The Baron of Ramla stood on the ramparts of David’s Gate and looked eastward into the city of Jerusalem. From here he could see all the major landmarks, from the Tower of David on his right to the Patriarch’s palace on his left. Behind the Patriarch’s palace rose the dome of the Holy Sepulcher, almost dwarfed by the
massive Hospitaller complex beside it. Farther away, the even larger dome of the Temple of God reared up against the luminous sky of dusk, while the Templar headquarters, housed in what had been the Al-Aqsa mosque, crouched to its right. Jerusalem.

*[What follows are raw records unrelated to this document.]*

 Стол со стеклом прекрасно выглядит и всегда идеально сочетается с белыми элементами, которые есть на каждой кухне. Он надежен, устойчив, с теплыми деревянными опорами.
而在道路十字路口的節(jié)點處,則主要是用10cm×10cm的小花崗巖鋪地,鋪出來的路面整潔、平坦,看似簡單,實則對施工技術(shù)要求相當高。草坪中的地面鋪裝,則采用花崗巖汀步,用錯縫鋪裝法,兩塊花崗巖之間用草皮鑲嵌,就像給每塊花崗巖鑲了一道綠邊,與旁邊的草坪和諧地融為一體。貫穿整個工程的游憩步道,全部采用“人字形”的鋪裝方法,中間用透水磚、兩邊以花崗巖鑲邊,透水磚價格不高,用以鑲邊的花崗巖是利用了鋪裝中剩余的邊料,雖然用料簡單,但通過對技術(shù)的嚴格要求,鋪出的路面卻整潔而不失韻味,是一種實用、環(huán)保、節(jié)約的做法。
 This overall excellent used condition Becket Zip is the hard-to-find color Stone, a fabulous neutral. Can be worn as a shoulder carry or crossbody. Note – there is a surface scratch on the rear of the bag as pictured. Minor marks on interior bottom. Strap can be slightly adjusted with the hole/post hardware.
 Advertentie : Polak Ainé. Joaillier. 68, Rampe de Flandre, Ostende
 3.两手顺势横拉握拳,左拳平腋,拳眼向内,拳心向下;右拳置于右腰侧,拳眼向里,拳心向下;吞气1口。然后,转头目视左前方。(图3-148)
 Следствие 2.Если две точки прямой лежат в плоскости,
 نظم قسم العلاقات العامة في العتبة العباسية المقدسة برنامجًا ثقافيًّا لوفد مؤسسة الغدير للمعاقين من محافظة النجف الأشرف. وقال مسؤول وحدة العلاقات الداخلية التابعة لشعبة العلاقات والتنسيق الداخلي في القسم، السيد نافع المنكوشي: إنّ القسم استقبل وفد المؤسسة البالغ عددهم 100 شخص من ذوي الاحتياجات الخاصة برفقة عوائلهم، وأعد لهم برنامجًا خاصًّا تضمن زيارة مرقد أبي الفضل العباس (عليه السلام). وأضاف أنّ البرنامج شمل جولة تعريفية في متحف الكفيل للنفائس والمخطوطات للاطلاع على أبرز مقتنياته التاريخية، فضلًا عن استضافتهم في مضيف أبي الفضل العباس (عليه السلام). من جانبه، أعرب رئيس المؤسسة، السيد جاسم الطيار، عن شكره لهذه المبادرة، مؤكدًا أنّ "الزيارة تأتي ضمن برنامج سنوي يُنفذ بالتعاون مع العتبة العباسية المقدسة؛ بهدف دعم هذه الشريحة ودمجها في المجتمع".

On these streets, on the paving stones leading from the gate below him past the Hospitaller quarters to the old Jewish Temple, Christ had walked. Now tens of thousands of pilgrims followed in his footsteps. The Baron of Ramla watched as a slow-moving procession of pilgrims shuffled forward, singing a hymn and carrying candles. A couple with a crippled boy between them were making their way along the cobbles on their knees in evident hope of a miracle. A lone knight followed behind them, leading his horse in a clear gesture of penitence; his cloak, with a cross sewn on the shoulder, was ragged and filthy from the journey, and he seemed grayed and bent from the weight of his sins.
They came from the four corners of the earth, speaking many tongues and wearing everything from ermine to rags. They came at great expense through great danger, braving the uncertainties of sea travel or walking across two continents to reach this city. They had mortgaged or sold all they owned at home and had faced the threat of pirates, cutthroats, thieves, and slavers. They had endured thirst, hunger, exhaustion, and disease. They came for the redemption of their sins, in search of Divine forgiveness. They came to prove their love of Christ and earn their entry into heaven. They were drawn here by the sole desire to pray at the place where Christ had shed his blood for them—and risen from the grave again with the promise of everlasting life for those who followed him.
And it was all at risk.
Lifting his gaze slightly, Ramla’s eyes traced the perimeter walls. White and tall, they enclosed the vibrant city like a mother’s arms her child. The clean lines were punctuated by square towers and projecting gates, all topped with battlements and proudly flying the white-and-gold banners of the Kingdom. But Ramla was a military man, and proud as the walls appeared, Ramla could see their vulnerability. They might keep out the rabble at night, but they were not built to withstand a modern siege with the kind of engines Salah ad-Din could bring to bear against them, or the sappers he would send to undermine them.